IAU Working Group Densification of Optical Reference Frames
last update: 2009 May 08, Norbert Zacharias
3. Space-based astrometric projects
===================================
The positional accuracy is given for end of mission per coordinate.
If 2 numbers are given the smaller is for the best performance and
the larger for the positional accuracy at the limiting magnitude.
For all projects the performance for parallax and proper motions is
numerically about the same as for positional accuracy.
---------------------------------------------------------------------
project central epoch mission mag number positional band
name or expected duration range objects accuracy pass
launch date year mas nm
---------------------------------------------------------------------
Hipparcos 1991.25 3.7 -1..12 118 k 0.5 2.0 400- 600
---------------------------------------------------------------------
Nano-Jasmine 2010 2 z<= 8 100 k 3.0 600-1000
Small-Jasmine 2015 1.5 Kw<=12 30 k 0.01 .. 1500-2500
---------------------------------------------------------------------
J-MAPS 2012 3 1..12 10 m 1.0 700- 900
Gaia 2013 5 7..20 1000 m 0.01 0.3 330-1000
SIM-Lite 2018 5-10 0..20 20 k 0.001 400- 900
---------------------------------------------------------------------
Hipparcos is the only astrometric space mission successfully completed
as of today. The original catalog was published in 1997 [01], while
a complete re-reduction significantly improved astrometric results
for bright stars [02]. The star-mapper information of the Hipparcos
mission was used to produce the Tycho-2 star catalog [03] of the
2.5 million brightest stars in the sky. Tycho-2, with somewhat lower
accuracy (10 to 100 mas) than Hipparcos was and is the first step
of the much needed densification of the optical reference frame,
widely used as the reference catalog for almost all of the ground-
based astrometric projects and sky surveys listed above. Tycho-2
utilizes over 100 ground-based early epoch star catalogs, with the
AC (see above) being the most significant contribution, to derive
proper motions on the 2 mas/yr level. The impact of the Hipparcos
mission on astronomy has recently been reviewed [04].
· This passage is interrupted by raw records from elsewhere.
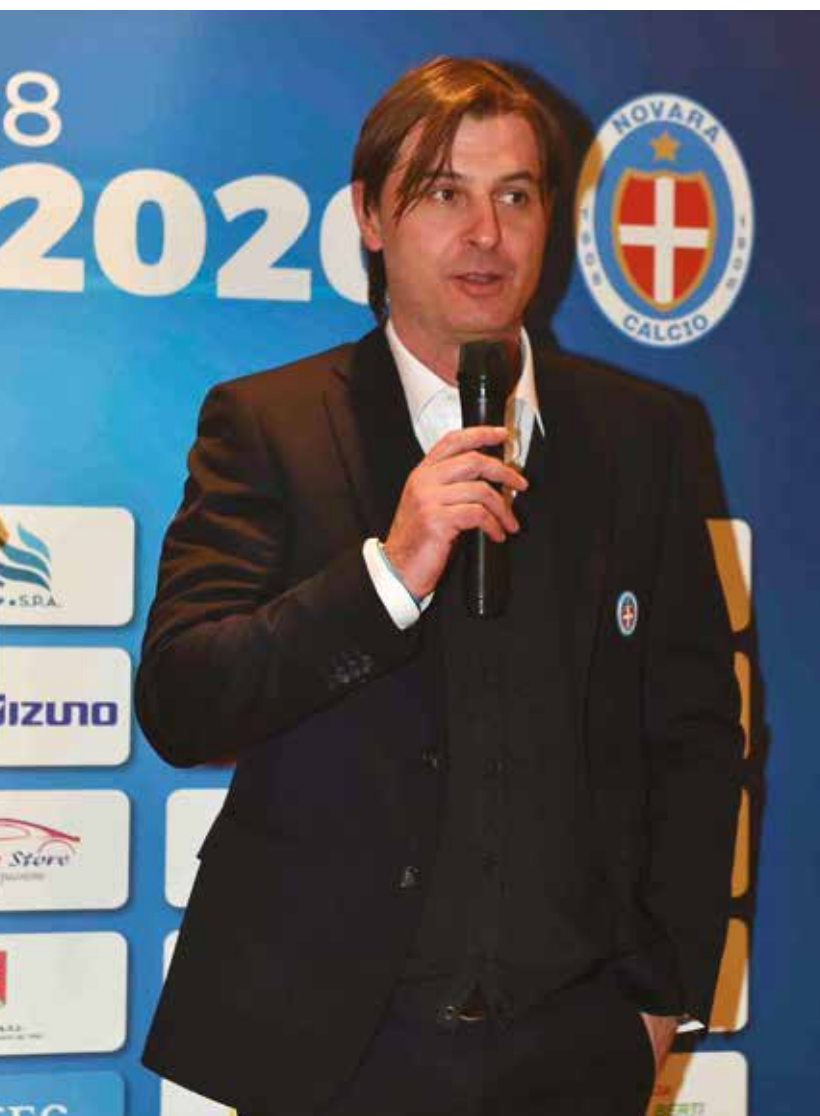
Il Presidente alla serata di presentazione a Novarello

“La figura del presidente sportivo è molto diversificata, questo sì,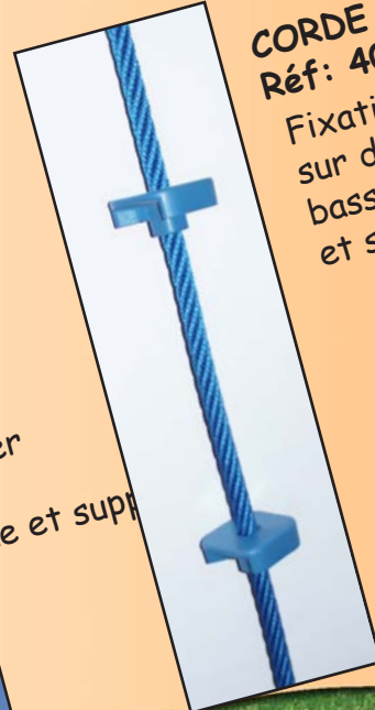
CORDE A NOEUDS Réf: 4080.08

Echelle avec échelon en PE. Fixation haute à déterminer selon structure. Fixation basse avec chaîne et support réf: 4080.09. Longueur: 250 cm.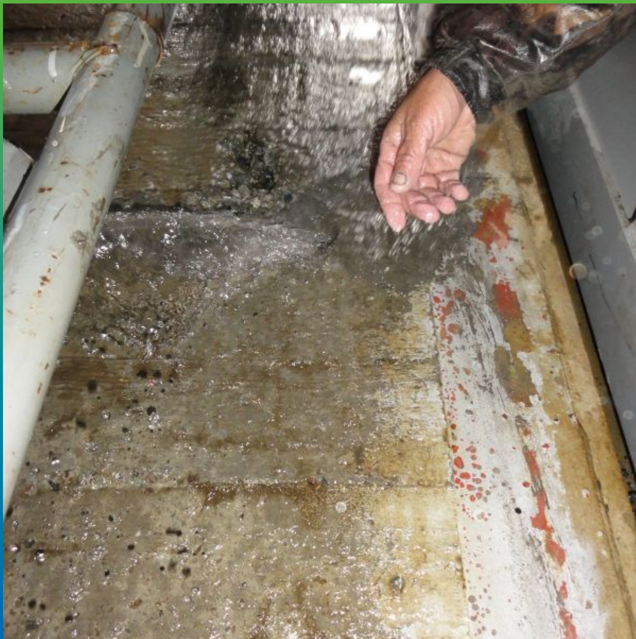
Ликвидация активной течи с помощью Максплаг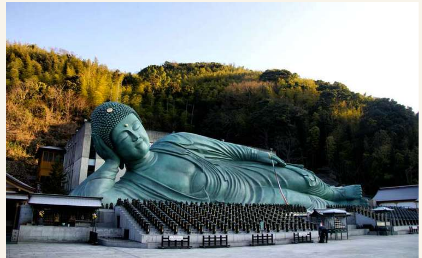
วัดนันโซอิน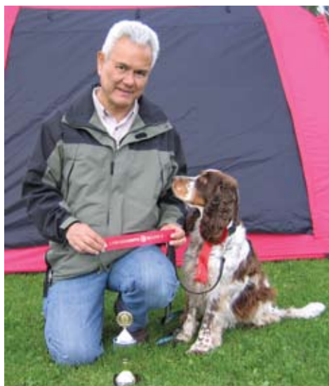
DKK's internationale lydighedsprøver i Brøndby 15. september 2007, 1. pr. 1. v. i LP2

Der er meget højere krav til præcision i lydighed end i dressur. Så det krævede en del træning før vi april 2007 fik 1. pr. i LP1. September 2007 fik vi 1. pr. i LP2 og næste mål var så LP3.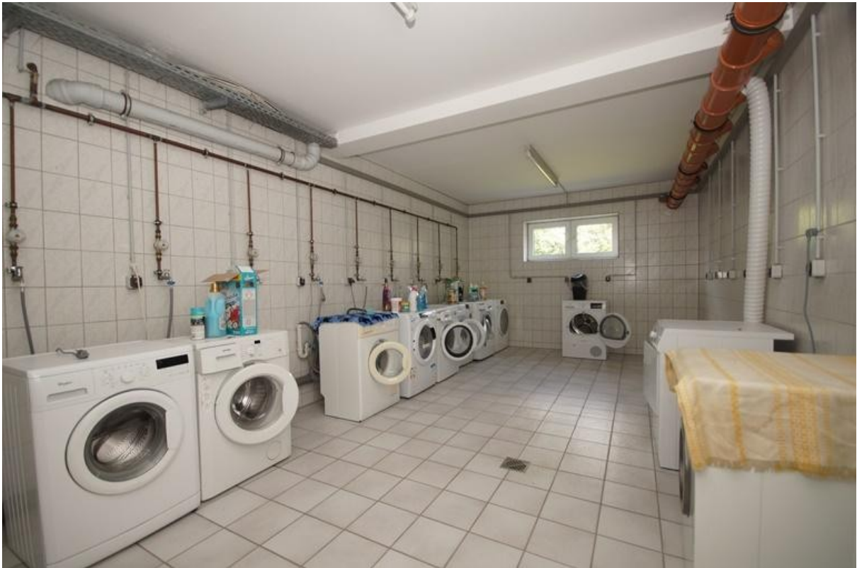
Waschküche im Keller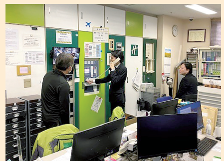
館内放送 / 119 通報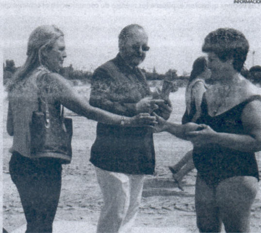
Los ediles reparten ceniceros entre los usuarios de las playas.

Los ediles también aprovecharon la visita a las playas para tomar contacto con los usuarios, pues son los que mejor pueden informar de cómo valoran los servicios que se ofrecen así como lo que consideran necesario, pero también para repartir ceniceros, además con la intención de concienciar a los ciudadanos de la necesidad de cooperar con el Ayuntamiento en lo que se refiere a las medidas de limpieza y cuidados preventivos, para poder hacer de las playas uno de los mejores atractivos.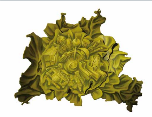
Stadtsalat, Acryl auf Biegesperrholz, 85 x 107 cm, 2011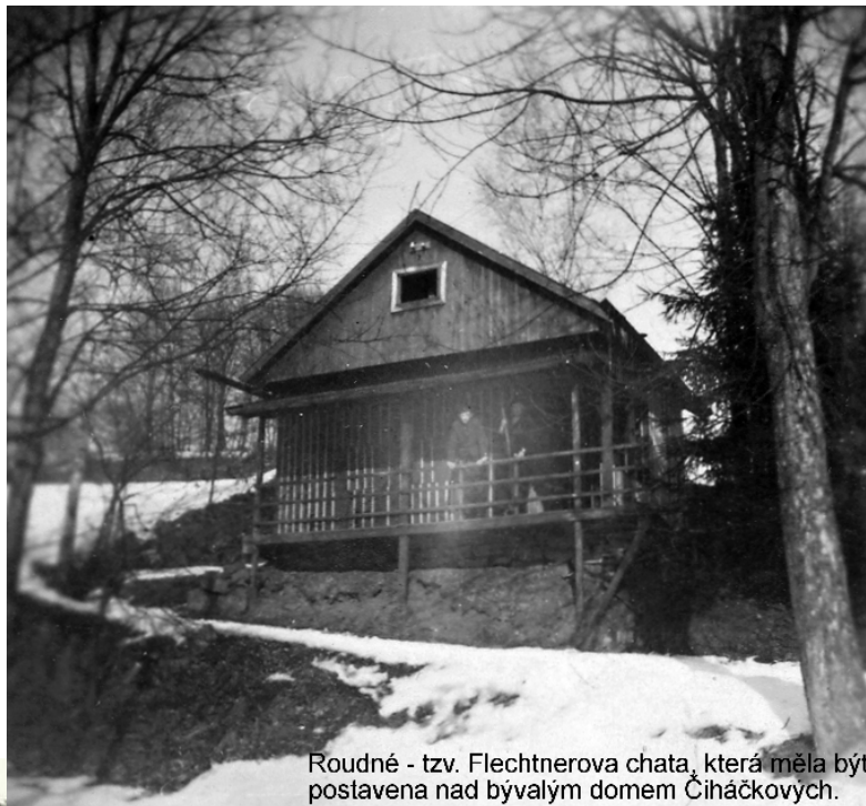
Roudné - tzv. Flechtnerova chata, která měla být postavena nad bývalým domem Čihákových.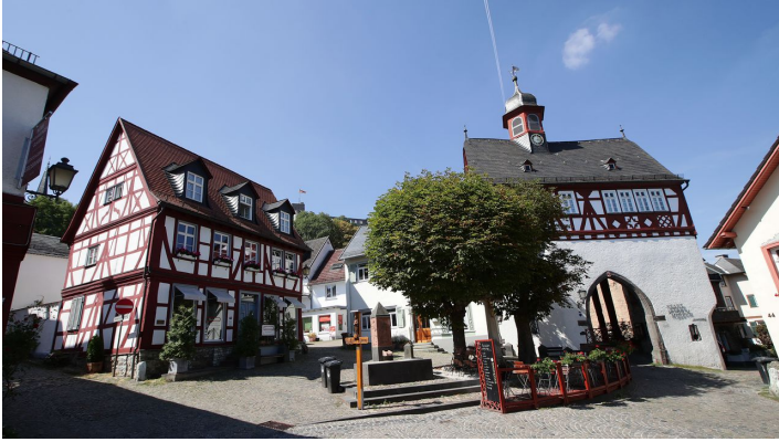
Koenigstein_160818_064.JPG - © Heiko Rhode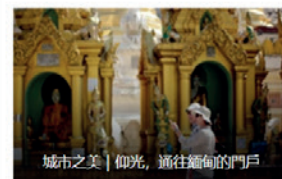
城市之美 | 仰光，通往緬甸的門戶

Nano-Jasmine is a microsatellite (25 kg) developed at the Japanese Space
Agency [05]. The telescope has only 5 cm aperture and a 1k CCD will
be used in the near IR z band for an all-sky survey.
Small-Jasmine is a planned mission of the Japanese Space Agency [06].
It will operate in the near IR (k band) and observe about
10 million stars in the galactic bulge region in overlapping
fields. This is a scaled down version of a bigger spacecraft
(Jasmine) planned for the 2020s.
J-MAPS is the Joint Milli-Arcsecond Pathfinder Survey, a space astrometry
mission lead by the U.S. Navy. It will observe all sky with a single
aperture stare mode operation of overlapping fields [07]. Utilizing
different integration times and a CMOS-hybrid detector it will be able
to observe bright stars and also reach QSOs to link to the ICRF.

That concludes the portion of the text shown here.